It might seem bad, but the worst that can happen when you buy a stock (without leverage) is that its share price goes to zero. But in contrast you can make much more than 100% if the company does well. For instance the Fincantieri S.p.A. (BIT:FCT) share price is 117% higher than it was three years ago. That sort of return is as solid as granite. Meanwhile the share price is 2.0% higher than it was a week ago.
While markets are a powerful pricing mechanism, share prices reflect investor sentiment, not just underlying business performance. One flawed but reasonable way to assess how sentiment around a company has changed is to compare the earnings per share (EPS) with the share price.
During three years of share price growth, Fincantieri moved from a loss to profitability. Given the importance of this milestone, it’s not overly surprising that the share price has increased strongly.
The graphic below depicts how EPS has changed over time (unveil the exact values by clicking on the image).
It is of course excellent to see how Fincantieri has grown profits over the years, but the future is more important for shareholders. It might be well worthwhile taking a look at our free report on how its financial position has changed over time.
What About Dividends?
It is important to consider the total shareholder return, as well as the share price return, for any given stock. The TSR is a return calculation that accounts for the value of cash dividends (assuming that any dividend received was reinvested) and the calculated value of any discounted capital raisings and spin-offs. So for companies that pay a generous dividend, the TSR is often a lot higher than the share price return. As it happens, Fincantieri’s TSR for the last 3 years was 121%, which exceeds the share price return mentioned earlier. This is largely a result of its dividend payments!
A Different Perspective
While the broader market gained around 16% in the last year, Fincantieri shareholders lost 29% (even including dividends) . However, keep in mind that even the best stocks will sometimes underperform the market over a twelve month period. Longer term investors wouldn’t be so upset, since they would have made 8.0%, each year, over five years. It could be that the recent sell-off is an opportunity, so it may be worth checking the fundamental data for signs of a long term growth trend. Before deciding if you like the current share price, check how Fincantieri scores on these 3 valuation metrics.

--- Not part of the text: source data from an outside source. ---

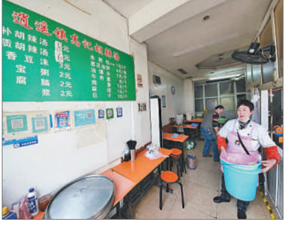
11月22日，郑州市区一家店名带有“逍遥镇”的胡辣汤店内，食品销售一空。

不过，逍遥镇胡辣汤显然希望重走沙县小吃走过的路。今年6月，西华逍遥镇胡辣汤制作技艺被列入文化和旅游部确定的第五批国家级非物质文化遗产代表性项目名
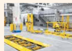
フレーム修正機スパネージ
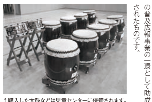
↑購入した太鼓などは児童センターに保管されます。

宝くじ助成で和太鼓購入 平成22年度一般コミュニティ助成事業で、締太鼓、長胴太鼓、立ち台、平置台を購入しました。これは、みなさんが購入した宝くじを財源に、(財)自治総合センターの普及広報事業の一環として助成されたものです。 飯塚駐屯地記念行事 日時 10月17日(日)9時～15時 場所 飯塚駐屯地(飯塚市津島) ☎0948-2277651 障害者職業訓練生募集 簿記の基礎など、一般事務に必要な知識と技能を習得します。 訓練場所 福岡ソフトウェアセンター(飯塚市幸袋) 期間 12～2月の平日10時～17時 料金 約1万1千円(教材費) 申込締切 10月28日(金)定員15人 福岡県障害者職業能力開発校 ☎093-741-5431
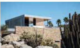
"Kaufmann Desert House"
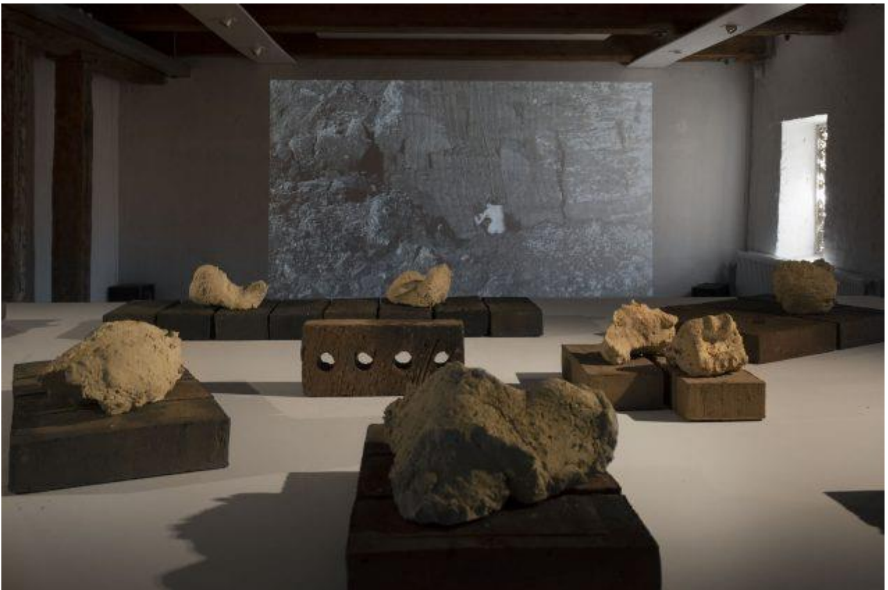
Nana Francisca Schottländer: Ex Luto. Landskabninger , SMK Thy, 2019.
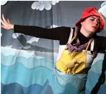
LE BRUIT DES COULEURS (2005)
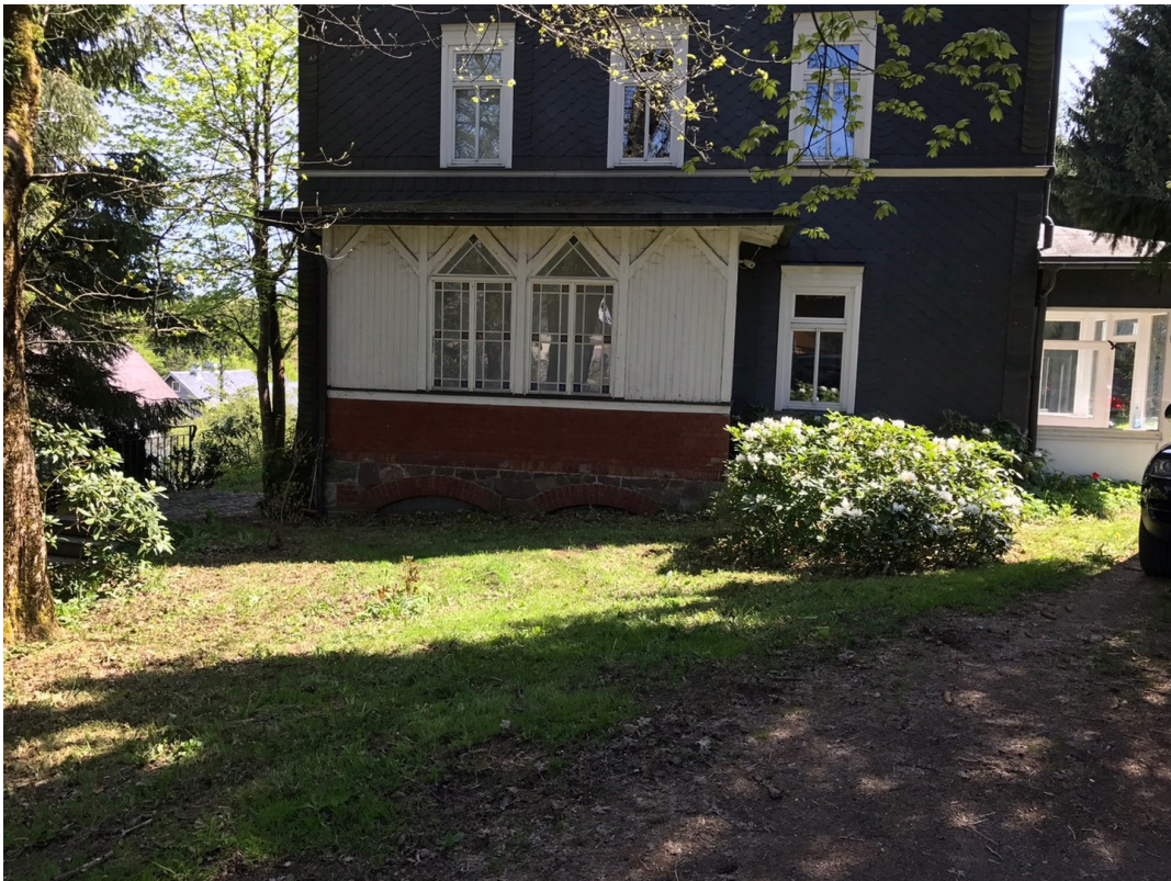
Hausansicht vom Parkplatz
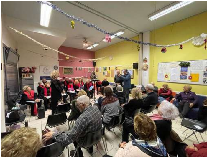
Attività nei centri dell'Età Libera
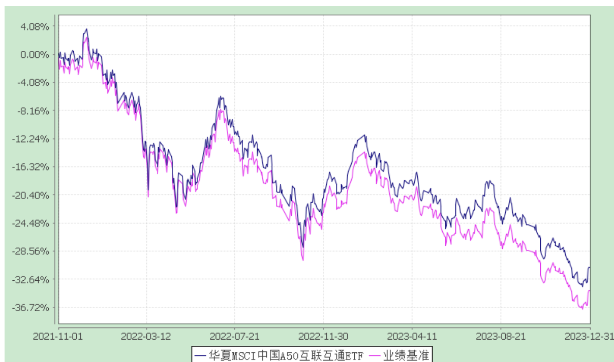
华夏 MSCI 中国 A50 互联互通交易型开放式指数证券投资基金 份额累计净值增长率与业绩比较基准收益率历史走势对比图 (2021 年 11 月 1 日至 2023 年 12 月 31 日)
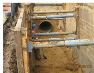
Stauraumkanal (2. BA)
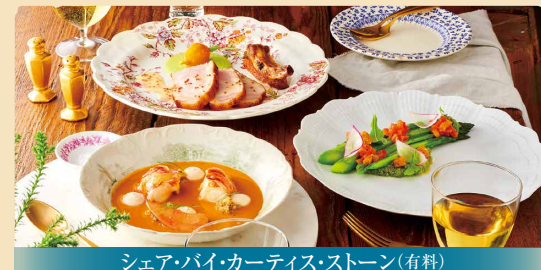
シェア・バイ・カーティス・ストーン(有料)

Of course Fincantieri may not be the best stock to buy. So you may wish to see this free collection of growth stocks.
Please note, the market returns quoted in this article reflect the market weighted average returns of stocks that currently trade on IT exchanges.
We aim to bring you long-term focused research analysis driven by fundamental data. Note that our analysis may not factor in the latest price-sensitive company announcements or qualitative material.
If you spot an error that warrants correction, please contact the editor at email@example.com. This article by Simply Wall St is general in nature. It does not constitute a recommendation to buy or sell any stock, and does not take account of your objectives, or your financial situation. Simply Wall St has no position in the stocks mentioned. Thank you for reading.